Discourse on the Method: An analytic method of
distinguishing truth from falsehood, and of building scientific
knowledge on secure foundations
Optics: A mathematical theory of the reflection and refraction
of light, including the discovery of the Law of Refraction
Geometry: The invention of modern analytical geometry,
including the reduction of geometrical curves and figures to
algebraic relations
Meteorology: A study of atmospheric phenomena, including a
derivation of the colours of the rainbow from principles of
optics.
(Descartes, 1637)
Rules of the “Cartesian method”:
Accept nothing as true except what is apprehended so clearly and
distinctly as to be beyond any doubt.
Divide each difficulty into as many separate parts as is possible
and necessary to resolve them.
Begin with the objects that are the simplest and the easiest to
know, and gradually ascend to the most complex and difficult-even assume such an order if none exists naturally.
Make such a complete review and enumeration, at the end, as to
be sure that nothing important has been omitted.

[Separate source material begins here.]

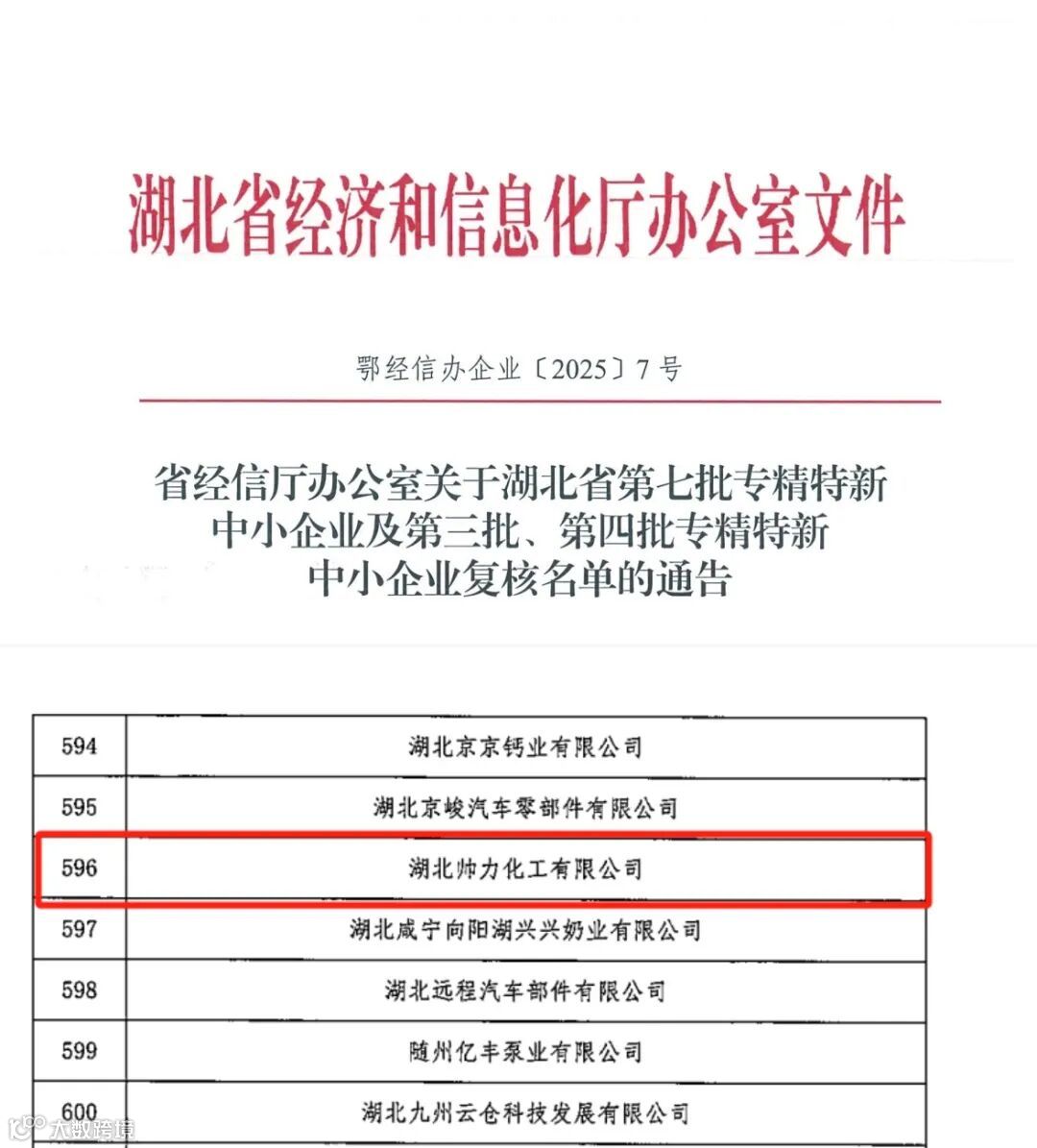 近日,湖北省经济和信息化厅发布第七批专精特新中小企业及第三、四批复核名单,湖北帅力凭借在民爆物品生产领域的专业化发展水平和持续创新能力,顺利通过湖北省级“专精特新”中小企业资格复审。这是湖北帅力连续两届获评此项省级认定,再次彰显了公司在该领域的技术领先地位。

Leibniz’s gloss: “Take what you need and do what you must, and
you will get what you want.”
The Cartesian skeptical method (“radical doubt”):
Turning doubt against itself
What would happen if I systematically attempted to doubt
absolutely everything?
Could such an attempt really succeed?
Or would I discover that there are certain principles that it is
absolutely impossible to doubt?
If I begin by treating all my ideas as false, will I discover that my
mind contains ideas that bear unmistakable marks of truth?
(Descartes, Meditations, 1641)
Cogito ergo sum: “I think, therefore I am.”
“While I wished to think that everything was false, it
was necessarily the case that I, who was thinking this,
was something.”
“…this truth, I think, therefore I am, was so firm that
all the most extravagant assumptions of the sceptics
were unable to shake it…”
“…from the very fact that I was thinking of doubting
the truth of other things, it followed very evidently and
very certainly that I existed….”
Now that we know one certain truth, we ask, in what
does its certainty consist? What rule can be developed
for recognizing certain truths?
Nothing convinces Descartes of the truth of “Cogito,
ergo sum,” except the fact that he clearly and distinctly
perceives it to be true.
Therefore “I could adopt as a general rule that those
things that we conceive very clearly and distinctly are
true. The only outstanding difficulty is in recognizing
which ones we conceive distinctly.”
Can ideas have “marks” that tell us whether they
correspond to something real?
Descartes: From my doubts I know that I am limited and
imperfect.
But the idea of God has such perfection in it that I know that its
cause must be something outside of me, i.e., a perfect being.
Nothing in any other idea implies the existence of the
corresponding thing. I can be certain of the properties of a
triangle, but nothing I can know about the essence of a triangle
can tell me whether there is such a thing as a triangle.
But the idea of God contains existence in its essence. That God
exists is as certain as that a triangle has three sides.